We therefore conclude that the Commissioner did not err in allowing no exclusions with reference to gifts of income. In fact, in petitioner’s gift tax returns for 1938, both original and as amended in 1945, the gifts listed (so far as concerns the trust of November 16, 1938), were of stock, and exclusions were deducted therefrom with no reference to gifts of income. It appears, therefore, that the petitioner did not, in the gift tax returns, actually claim exclusions based upon income. Our opinion, however, is not based upon the form of claim in the return, but upon lack of proof of value.
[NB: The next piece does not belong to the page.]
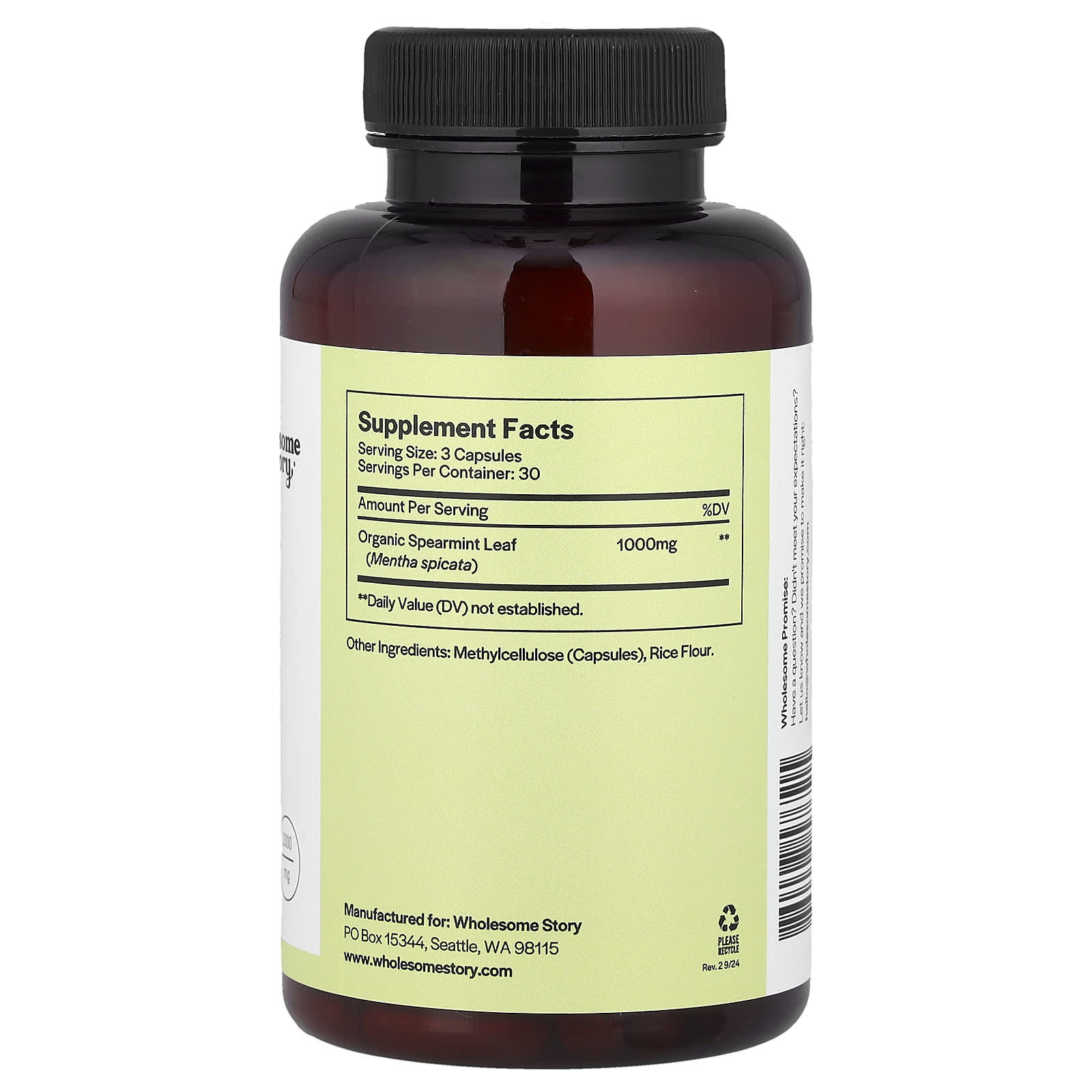 Wholesome Story Hortelã 1.000 mg 90 Cápsulas Vegetarianas (333 mg por Cápsula) – Wholesome Story Suplementos Ervas.

Decision will he entered for the respondent. 
      
       SEC. 1000. IMPOSITION OB' TAX.
      (e) Certain Discretionary Trusts. — In the case of property in a trust created prior to January 1, 1939, if on and after January 1, 1939, no power to revest title to such property in the grantor could be exercised either by the grantor alone, or by the grantor in conjunction with aifr other person not having a substantial adverse interest in the disposition of such property or the income therefrom, then a relinquishment by the grantor on or after January 1, 1940, and prior to January 1, 1945, of power or control with respect to the distribution of such property or the income therefrom by an exercise or other termination of such power of control shall not be deemed a transfer of property for the purposes of this chapter. If such property was transferred in trust, the grantor not retaining such power to revest title thereto in himself, or if such power to revest title to such property in the grantor was relinquished, while a law was in effect imposing a tax upon the transfer of property by gift, this subsection shall apply only if (1) gift tax was paid with respect to such transfer or relinquishment, and not credited or refunded, or a gift tax return was made within the time prescribed on account of such transfer or relinquishment but no gift tax was paid with respect to such transfer or relinquishment because of the deductions and exclusions claimed on such return, and (2) the grantor consents, in accordance with regulations prescribed by the Commissioner with the approval of the Secretary, for all purposes of this chapter to treat such transfer or relinquishment in the calendar year in which effected, and for all periods thereafter, as having been a transfer of property subject to tax under this chapter. This subsection shall not apply to any payment or other disposition of income occurring prior to the termination of power or control with respect to the future disposition of income from the trust property.
      SEC. 1003. NET GIFTS.
      (b) Exclusions from Gifts.—
      (1) Gifts prior to 1939. — In the case of gifts (other than of future interests in property) made to any person by the donor during the calendar year 1938 and previous calendar years, the first $5,000 of such gifts to such person shall not, for the purposes of subsection (a), be included in the total amount of gifts made during such year.